66. Autoencoder Principle and Construction#
66.1. Introduction#
Previously, we learned about the Generative Adversarial Network (GAN). You should be able to notice that if we classify it according to supervised learning and unsupervised learning, GAN is obviously an unsupervised learning neural network because we don’t need to label the data. In this experiment, the autoencoder that we are about to come into contact with is also an unsupervised neural network. This experiment will help you understand its principle and function.
66.2. Key Points#
Introduction to Autoencoders
Basic Autoencoders
Denoising Autoencoders
66.3. Introduction to Autoencoders#
An autoencoder, also known as a self - encoder, is an artificial neural network used in the process of unsupervised learning. An autoencoder usually consists of two parts: an encoder and a decoder. Below, we will explain it through a diagram.
The above figure shows the classic process of an autoencoder: The input is encoded into a Code by the Encoder neural network and then output after being processed by the Decoder neural network. Among them:
-
Encoder: Compresses the input into a latent space representation.
-
Decoder: Reconstructs and decodes the latent space representation.

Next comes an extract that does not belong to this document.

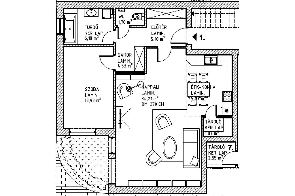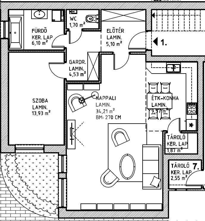 A lakásban tágas amerikai konyhás nappali, szoba, fürdőszoba, előszoba, gardrób, tároló és mellékhelyiség kerül kialakításra.

You may notice that after the handwritten character 4 in the above figure is processed by the autoencoder, it still looks like the handwritten character 4. So what exactly is the use of the autoencoder?

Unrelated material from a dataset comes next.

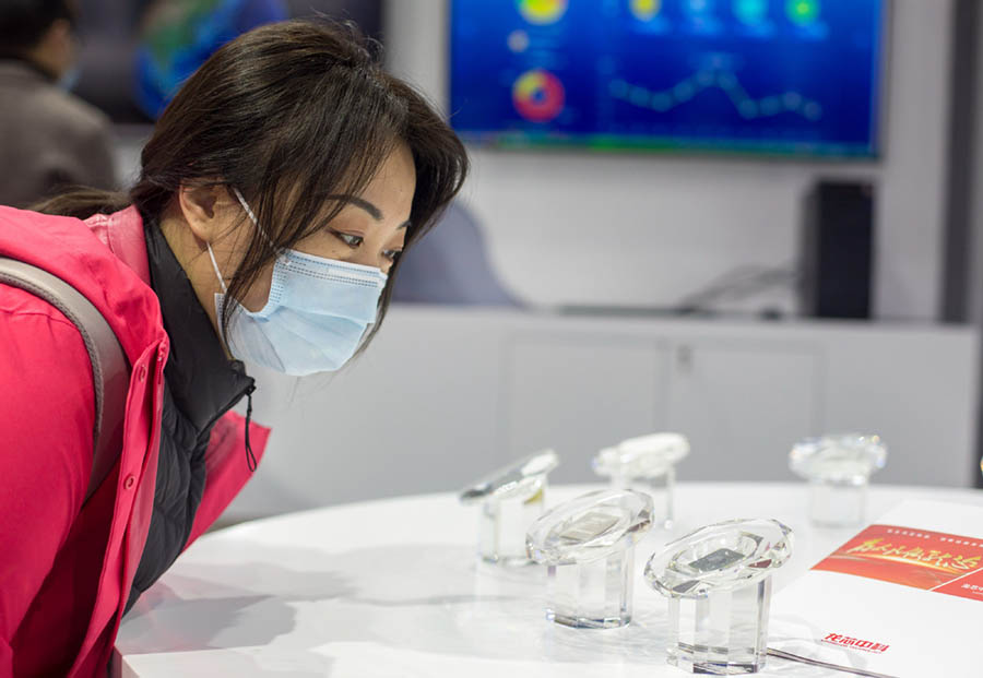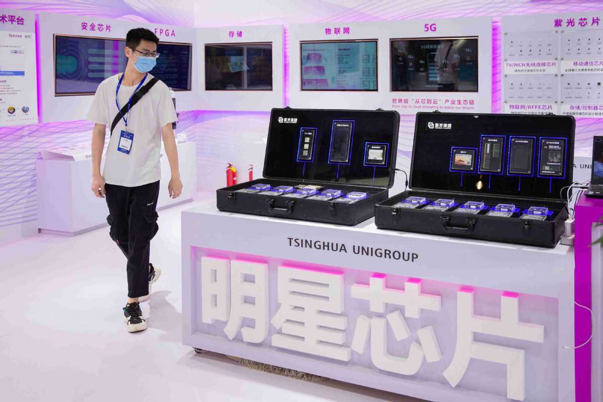A man checks a chip display at the 2020 World Semiconductor Conference in Nanjing, Jiangsu province, on Aug 27. Demand for chips made by Chinese companies has been rising. (Su Yang/For China Daily)

If the purpose of the autoencoder is to repeat the input and output features, it would surely be useless. In fact, we hope to make the latent representation have valuable properties by training an autoencoder with the output value equal to the input value. At the same time, the autoencoder completes the reconstruction of the input features. Therefore, the autoencoder also has two main uses: data denoising and dimensionality reduction for data visualization.
66.4. Basic Autoencoder#
Before formally constructing the autoencoder, we need to further understand the characteristics of the autoencoder network. First, both the encoder and decoder in the autoencoder are fully connected feedforward neural network structures as shown below. You can freely define the hyperparameters of the two neural networks, and of course, they are not necessarily symmetric structures as shown below.

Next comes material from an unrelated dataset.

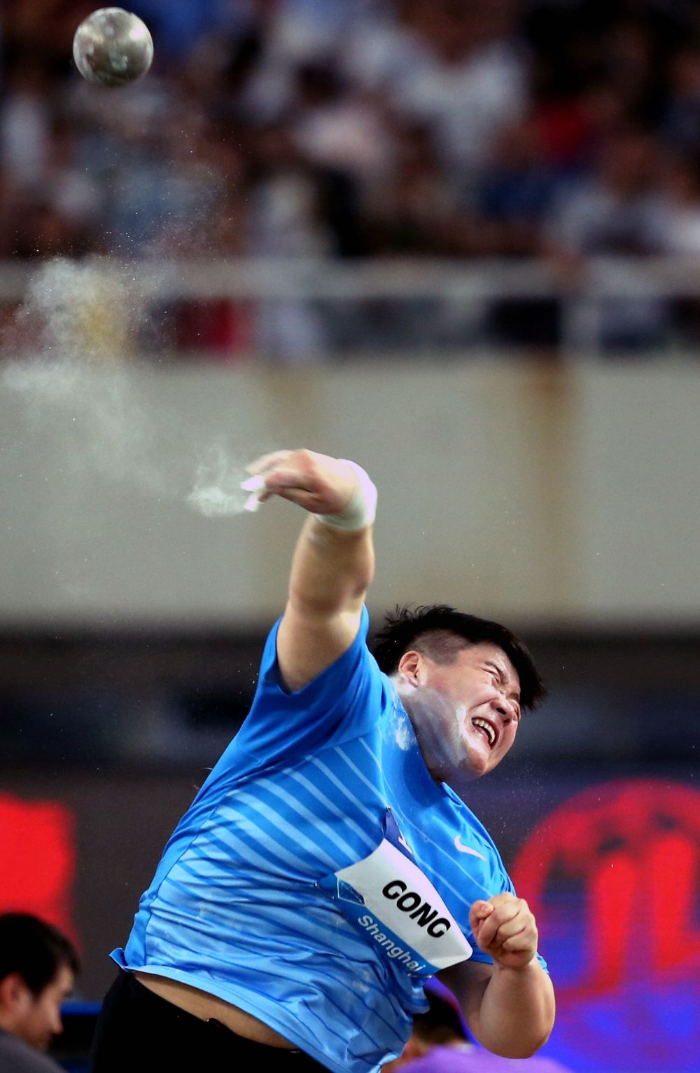 2018年5月12日,鞏立姣在鉆石聯賽上海站女子鉛球比賽中。新華社記者 凡軍 攝

For the convenience of demonstration, the familiar MNIST dataset is used in the experiment.
Next, we first use Keras to load this dataset. At the same time, the handwritten character images are flattened and normalized by dividing by 255. To improve the training speed, only 30,000 training samples and 100 test samples are selected for the experiment.
import tensorflow as tf
(X_train, _), (X_test, _) = tf.keras.datasets.mnist.load_data()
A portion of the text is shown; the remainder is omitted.